Iconic books are texts revered as objects of power rather than just as words of instruction, information, or insight. In religious and secular rituals around the globe, people carry, show, wave, touch and kiss books and other texts, as well as read them. This blog chronicles such events and activities. (For more about iconic books, see the links to the Iconic Books Project at left.)

Saturday, June 14, 2008

Kindle: Smoldering in the Uncanny Valley?

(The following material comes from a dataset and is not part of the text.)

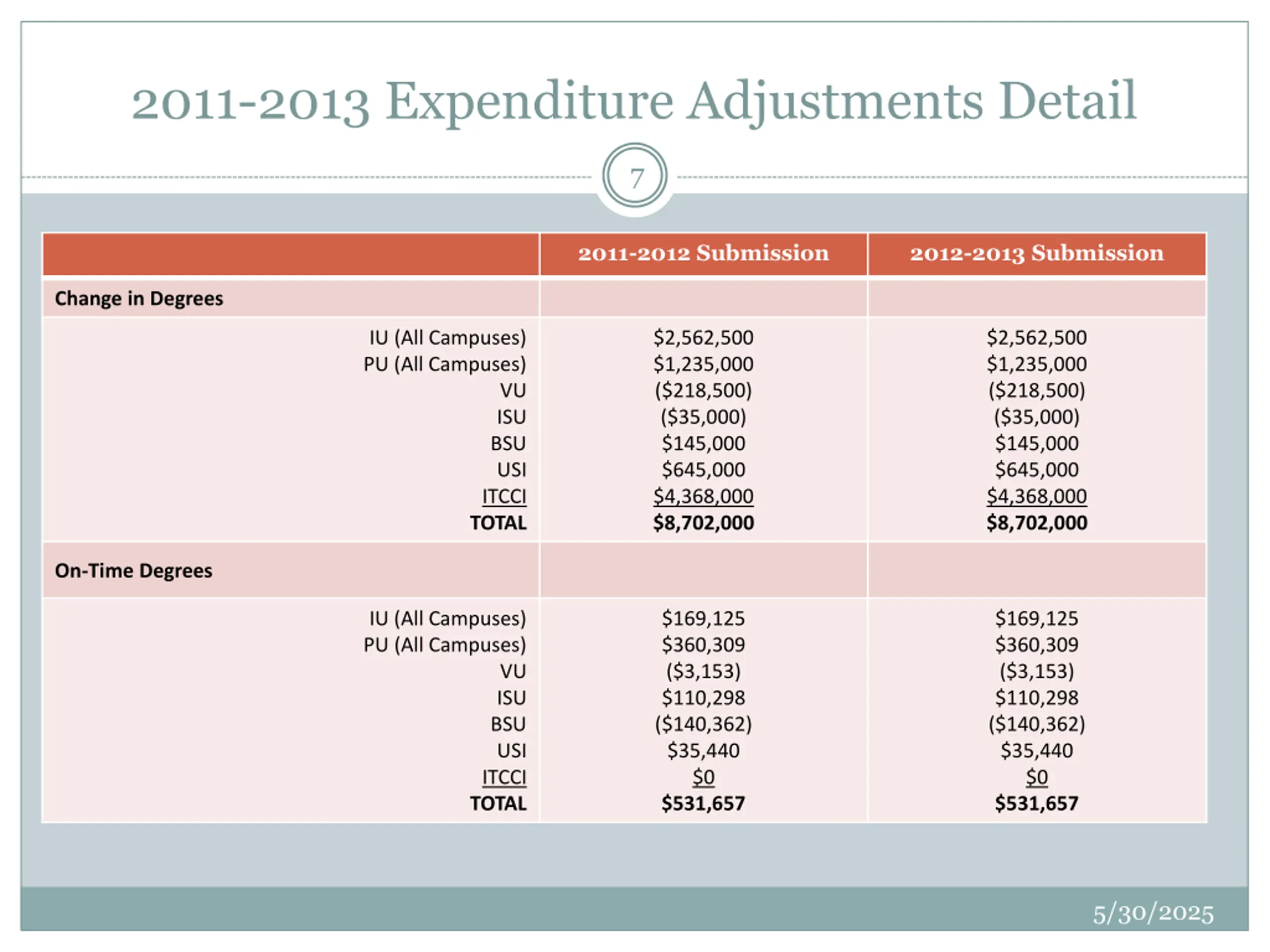 2011-2013 Expenditure Adjustments Detail 7 2011-2012 Submission 2012-2013 Submission Change in Degrees IU (All Campuses) PU (All Campuses) $2,562,500 $1,235,000 ($218,500) ($35,000) $145,000 $645,000 $4,368,000 $8,702,000 $2,562,500 $1,235,000 ($218,500) ($35,000) $145,000 $645,000 $4,368,000 $8,702,000 VU ISU BSU USI ITCCI TOTAL On-Time Degrees IU (All Campuses) PU (All Campuses) $169,125 $360,309 ($3,153) $110,298 ($140,362) $35,440 $0 $531,657 $169,125 $360,309 ($3,153) $110,298 ($140,362) $35,440 $0 $531,657 VU ISU BSU USI ITCCI TOTAL 5/30/2025
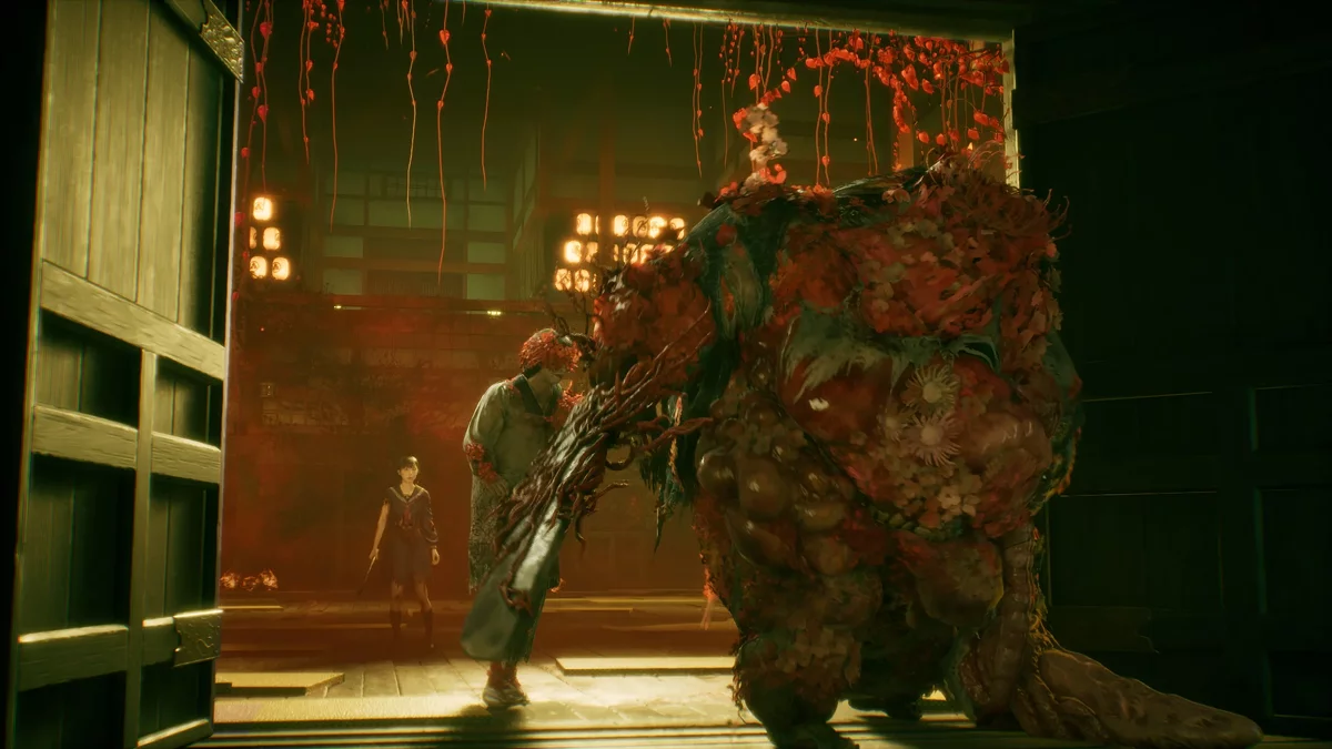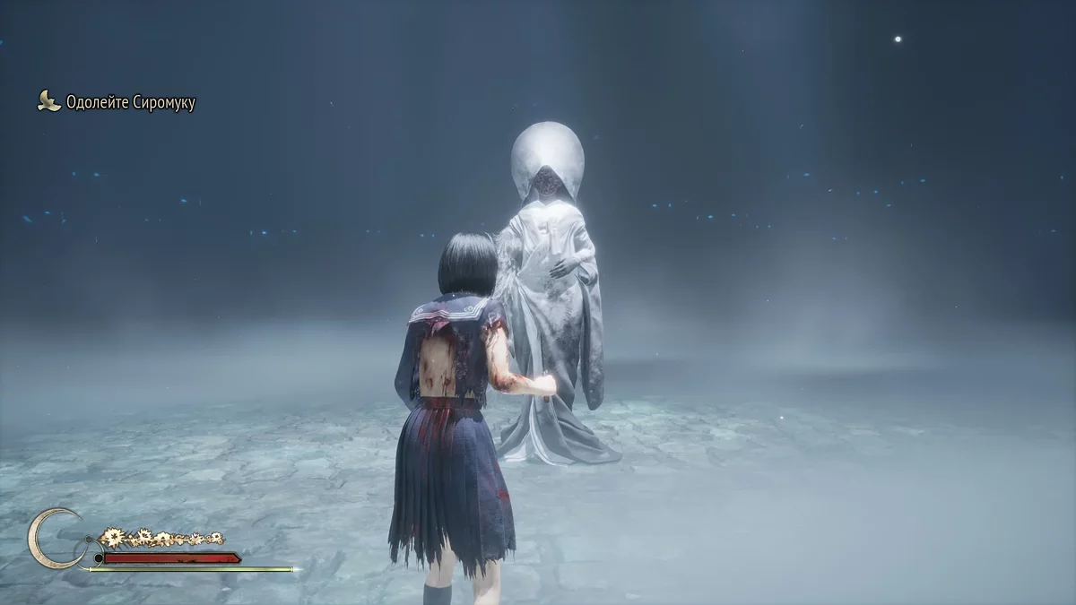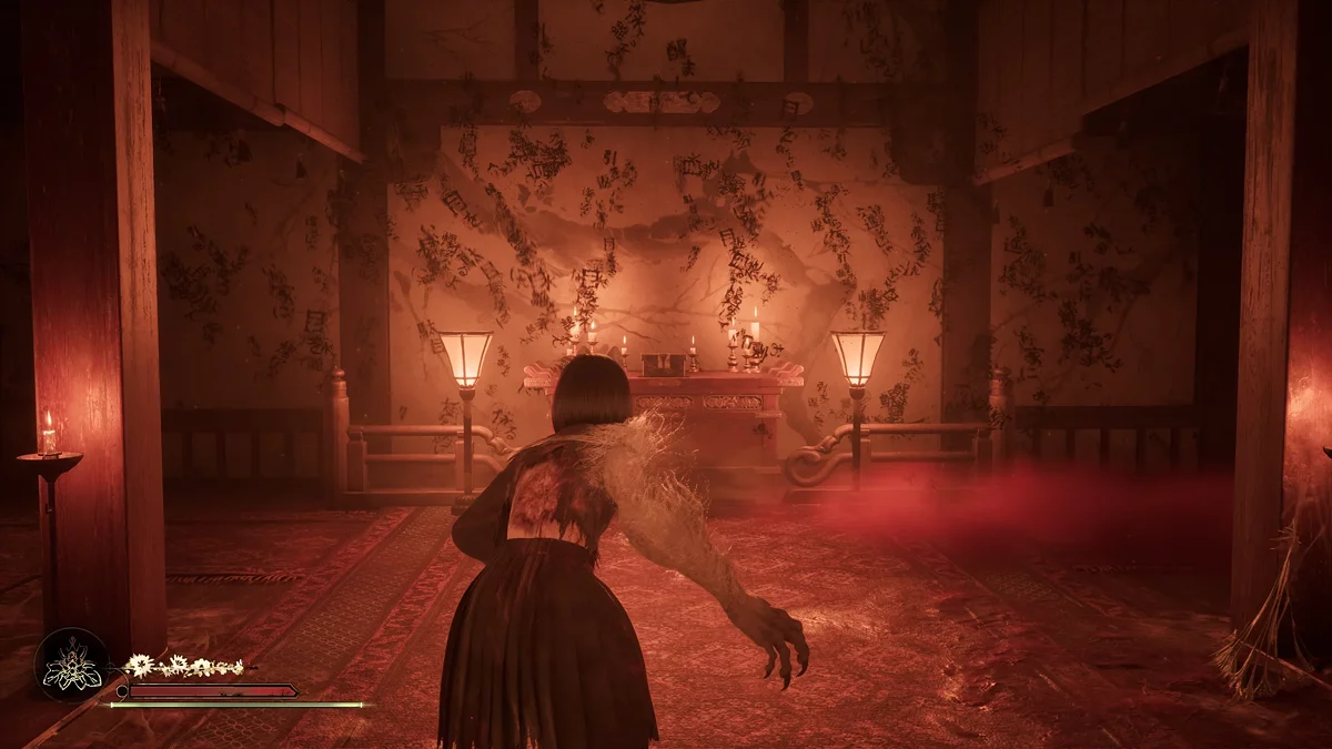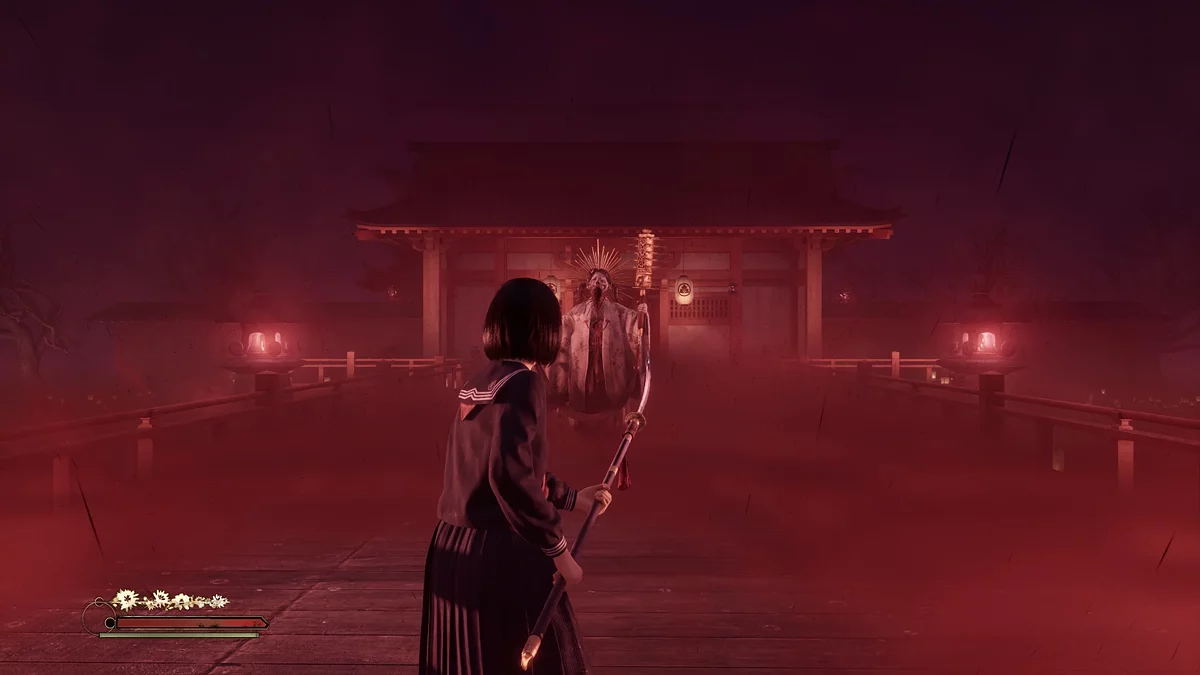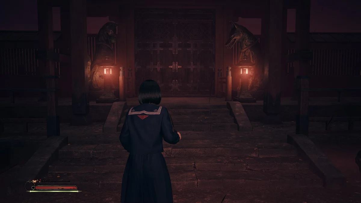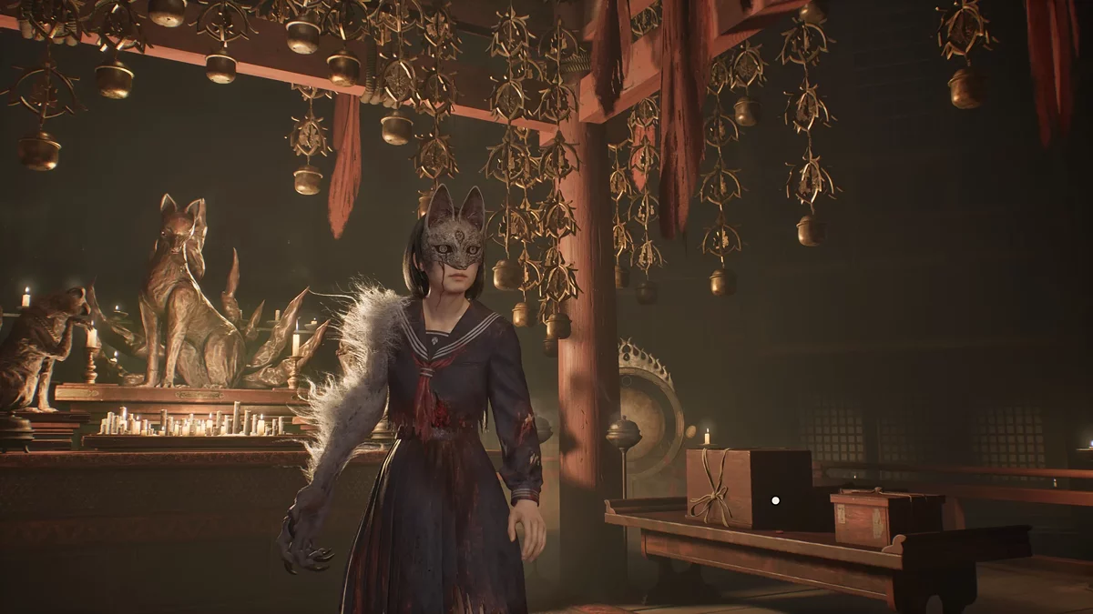 Після зустрічі з туманним чудовиськом Хінако опинилася в темному святині. Вирушайте коридором вперед і подивіться катсцену останнього ритуалу з чоловіком у масці лиси.

Brian Cassidy on Book Patrol wonders if the Kindle e-book reader is too good to be readily acceptible:
Perhaps some of the resistance among bookaholics to e-readers such as the Kindle was due in part to a kind of biblio-version of The Uncanny Valley:

The uncanny valley is a hypothesis that when robots and other facsimiles of humans look and act almost, but not entirely, like actual humans, it causes a response of revulsion among human observers. (Wikipedia)

Is the Kindle - in the words of this classic bit from 30 Rock - just a bit too much "Tom Hanks in Polar Express" and not enough "R2-D2"?

On this blog, we might rephrase this observation to wonder: will resistence to e-books increase, rather than decrease, the more they assume an iconic book's form? Our observations to date suggest that it will depend on the kind of book in question, and to what extent the e-application might be perceived as endangering its iconic status (or possibly even enhancing it).